And "floopy" makes it a million and one?
Have I mentioned how much I love the Good Word feature at Slate?
The latest is from Jesse Sheidlower, editor at large of the OED. He talks about the Global Language Monitor's silly prediction that the English language is about to add its millionth word.
I wrote in February about how the group's president, Paul Payack, was counting shorthand from texting (I CN for I can) and slang (drinktea and fundoo). There's no word on whether floopy is included.
Sheidlower talks about the difficulty in developing criteria.

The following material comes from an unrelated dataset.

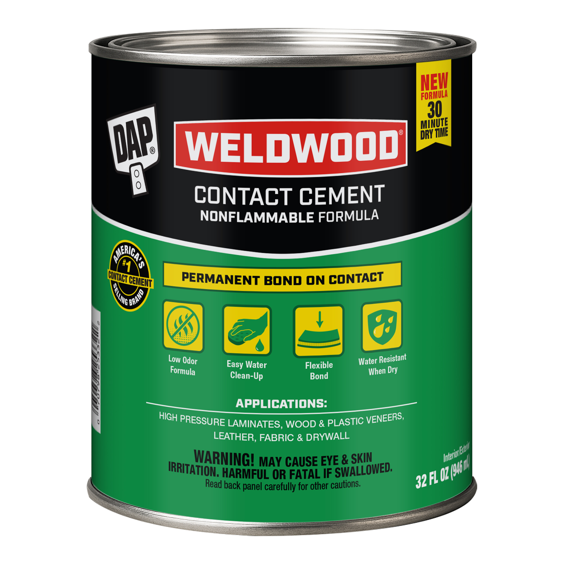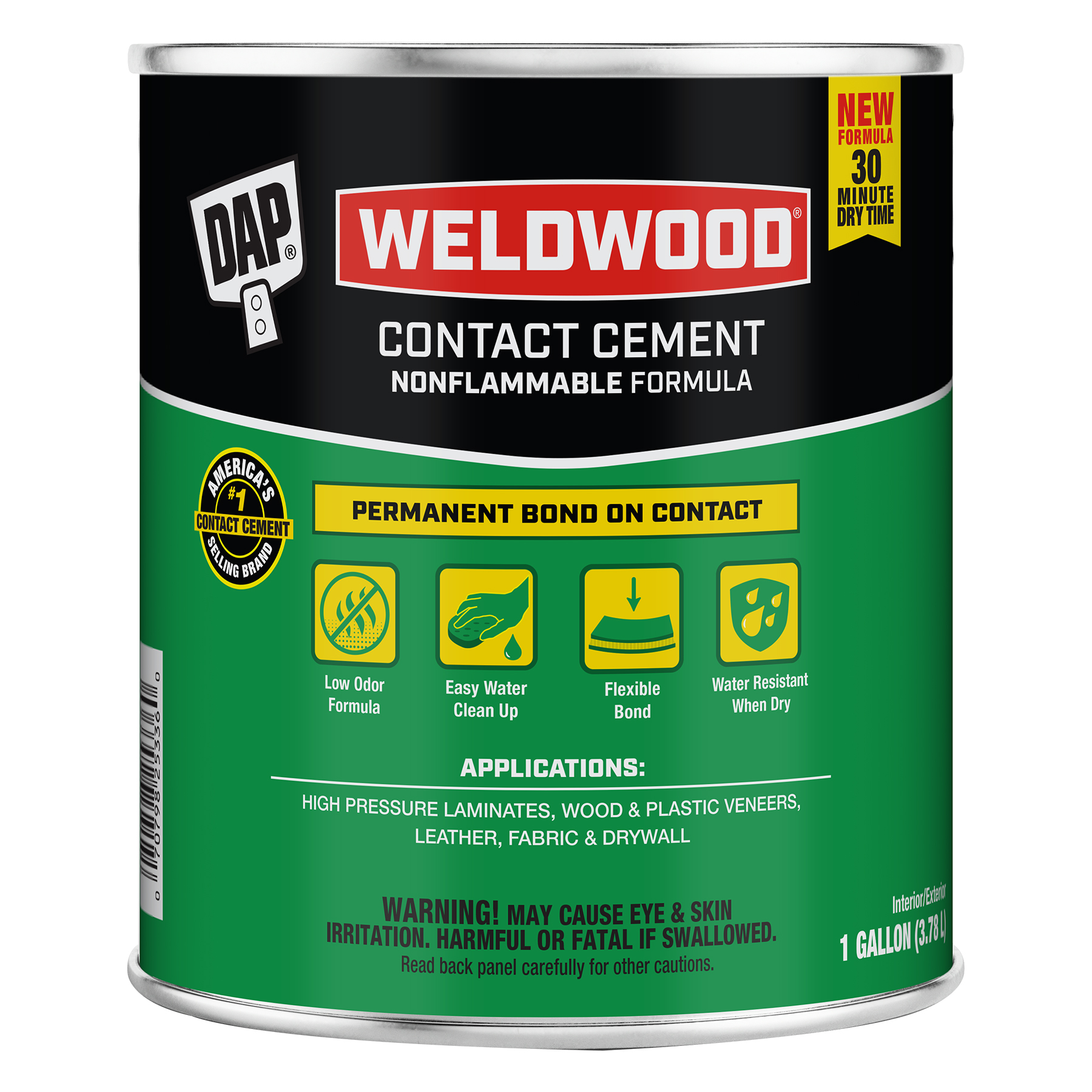 Weldwood Nonflammable Contact Cement is a high solids polychloroprene, waterborne contact adhesive that meets the stringent requirements of the professional user. Complies with all current VOC requirements. Dries in 60-70 minutes, allowing for extra bonding time. Water resistant when dry. Exceeds industry performance requirements. Low odor. Easy water clean-up.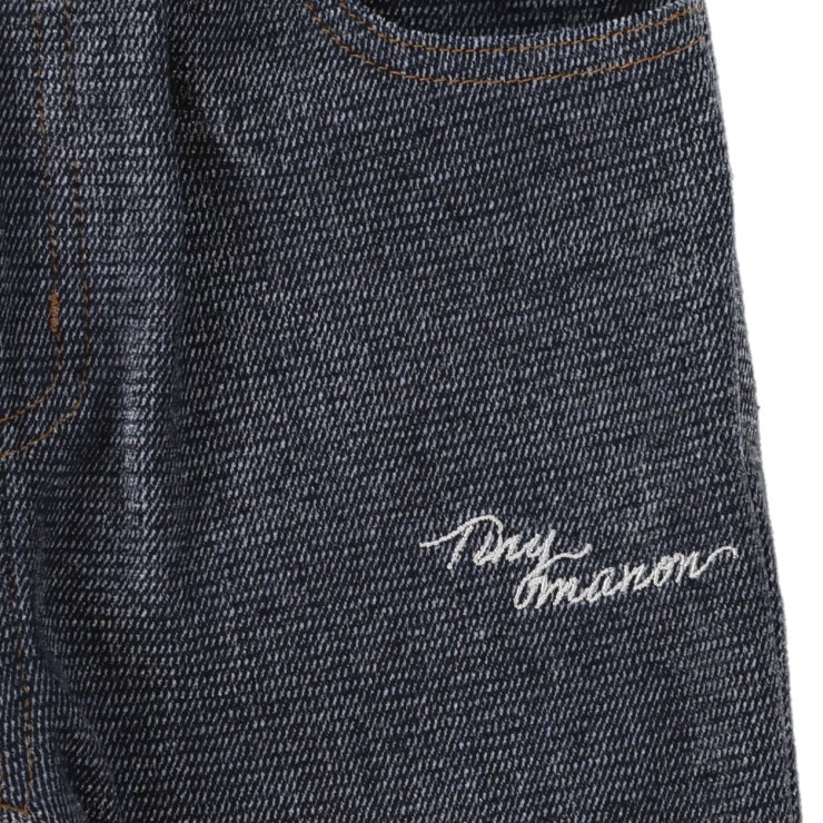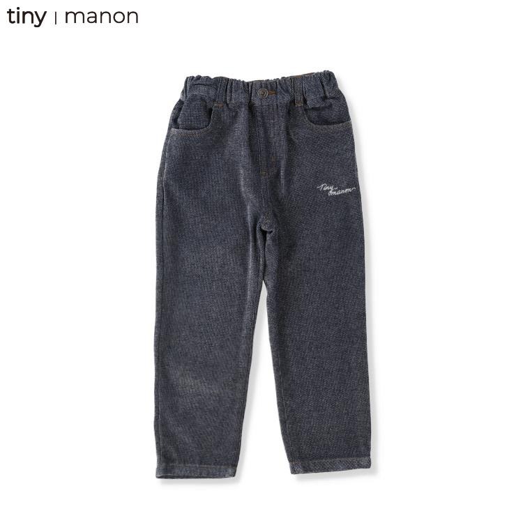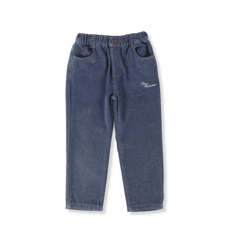 さりげないロゴ刺繍がポイントのキッズデニムパンツ。

Dictionaries include great-grandfather but not great-great-great-great-great-great-grandfather, which is real enough to get over 3,500 Google hits. Only the most basic numbers are typically included; Merriam-Webster, for example, includes twenty-one and twenty-two, but not twenty-three or thirty-one. In fact, if you were to count every number between 0 and 999,999 as a word, you'd have a cool million right there -- ?and still have the rest of the English language to account for.The millionth-word claim is bogus, but news orgs are still running stories about it.
So be on the lookout in the next few months. Global Language Monitor predicts that the millionth word will be added around June. (As of March 21, there were 988,968 words, it said.) The group may have an algorithm helping it determine when that point comes, but that doesn't make the number any more accurate.
4 Comments:
I was going to add something smart, but then realized the computer generated a new word for verification purposes underneath this message.
It's:
axwfqia: to verify one's identity when posting a reply on a bog. See also adsfag, weqild, cnaasd.
We'll be at two million in no time.
"Word," Sister Nicole. Thanks for the heads-up.
mike
(bumfketeer)
Geoff Nunberg says at Language Log that he'll have a Fresh Air piece on the matter in a couple of weeks.
Actually, all are invited to visit the www.languagemonitor.com site to see that the word count is an estimate and 'a starting point' or thought starter. (Check the Number of Words page.) The debate seems to be that since no one can say exactly what is a word, no one should ever attempt to do same ... even the attempt to define criteria deerves ridicule. We define 'word' by the old Anglo-Saxon meaning of 'a thing spoken'. If you can think, say it and use it to communicate it -- it is a word. Should every word count? No. But those that persist in expanding contexts deserve to be counted.